When the line containing "Palestrante: Profa. Dra." is found in the data below, copy it and each line after it through the line containing "Heated Car Blanket", exactly and with no others.
START EXERCISE DATA
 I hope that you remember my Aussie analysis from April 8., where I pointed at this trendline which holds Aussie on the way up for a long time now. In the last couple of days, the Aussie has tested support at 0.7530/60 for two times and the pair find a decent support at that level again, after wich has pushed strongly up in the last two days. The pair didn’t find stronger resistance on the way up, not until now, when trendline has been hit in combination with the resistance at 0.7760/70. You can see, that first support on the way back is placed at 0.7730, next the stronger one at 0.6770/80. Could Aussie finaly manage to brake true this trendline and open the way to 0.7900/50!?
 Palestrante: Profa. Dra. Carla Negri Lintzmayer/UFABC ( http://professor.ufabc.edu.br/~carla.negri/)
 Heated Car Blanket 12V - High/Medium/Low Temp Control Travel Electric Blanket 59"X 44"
END EXERCISE DATA
START EXERCISE DATA
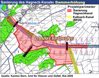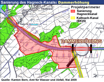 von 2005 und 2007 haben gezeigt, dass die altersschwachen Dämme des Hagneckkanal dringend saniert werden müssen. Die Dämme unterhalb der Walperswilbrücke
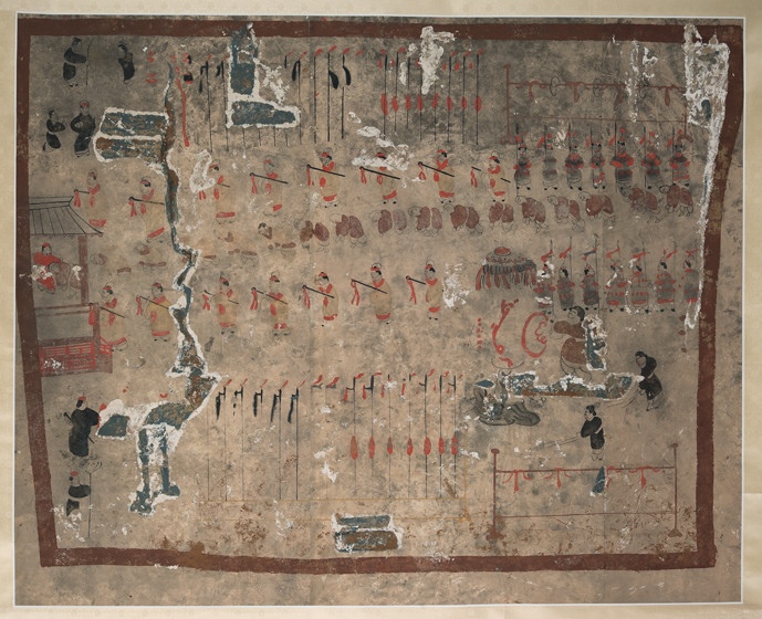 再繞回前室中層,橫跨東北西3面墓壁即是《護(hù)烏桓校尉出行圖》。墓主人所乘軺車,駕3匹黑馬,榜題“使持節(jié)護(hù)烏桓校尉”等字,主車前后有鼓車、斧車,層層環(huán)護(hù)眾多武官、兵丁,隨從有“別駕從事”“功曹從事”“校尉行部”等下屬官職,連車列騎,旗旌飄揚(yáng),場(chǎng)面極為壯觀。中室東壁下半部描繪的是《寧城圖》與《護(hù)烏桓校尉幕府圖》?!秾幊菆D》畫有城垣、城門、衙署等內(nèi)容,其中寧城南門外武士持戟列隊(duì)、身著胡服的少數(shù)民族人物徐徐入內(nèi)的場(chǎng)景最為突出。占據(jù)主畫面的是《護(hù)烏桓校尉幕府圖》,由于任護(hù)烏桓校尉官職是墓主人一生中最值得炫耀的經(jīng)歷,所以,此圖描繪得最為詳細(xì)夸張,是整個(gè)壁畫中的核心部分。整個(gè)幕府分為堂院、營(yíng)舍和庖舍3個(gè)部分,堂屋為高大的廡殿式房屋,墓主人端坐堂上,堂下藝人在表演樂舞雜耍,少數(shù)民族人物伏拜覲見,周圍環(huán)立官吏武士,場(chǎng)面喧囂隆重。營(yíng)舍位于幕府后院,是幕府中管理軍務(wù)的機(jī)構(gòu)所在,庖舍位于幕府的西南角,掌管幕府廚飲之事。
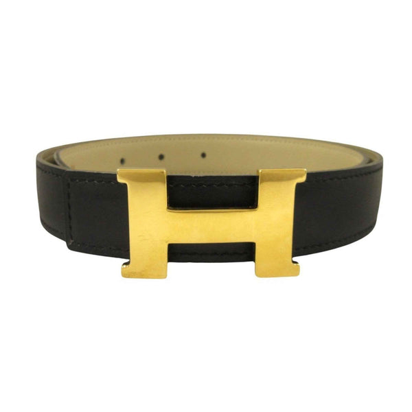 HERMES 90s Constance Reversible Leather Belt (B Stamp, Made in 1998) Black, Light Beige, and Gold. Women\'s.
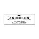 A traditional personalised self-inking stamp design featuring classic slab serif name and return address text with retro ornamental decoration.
END EXERCISE DATA
* _ANSWER TO THE EXERCISE_:
 Palestrante: Profa. Dra. Carla Negri Lintzmayer/UFABC ( http://professor.ufabc.edu.br/~carla.negri/)
 Heated Car Blanket 12V - High/Medium/Low Temp Control Travel Electric Blanket 59"X 44"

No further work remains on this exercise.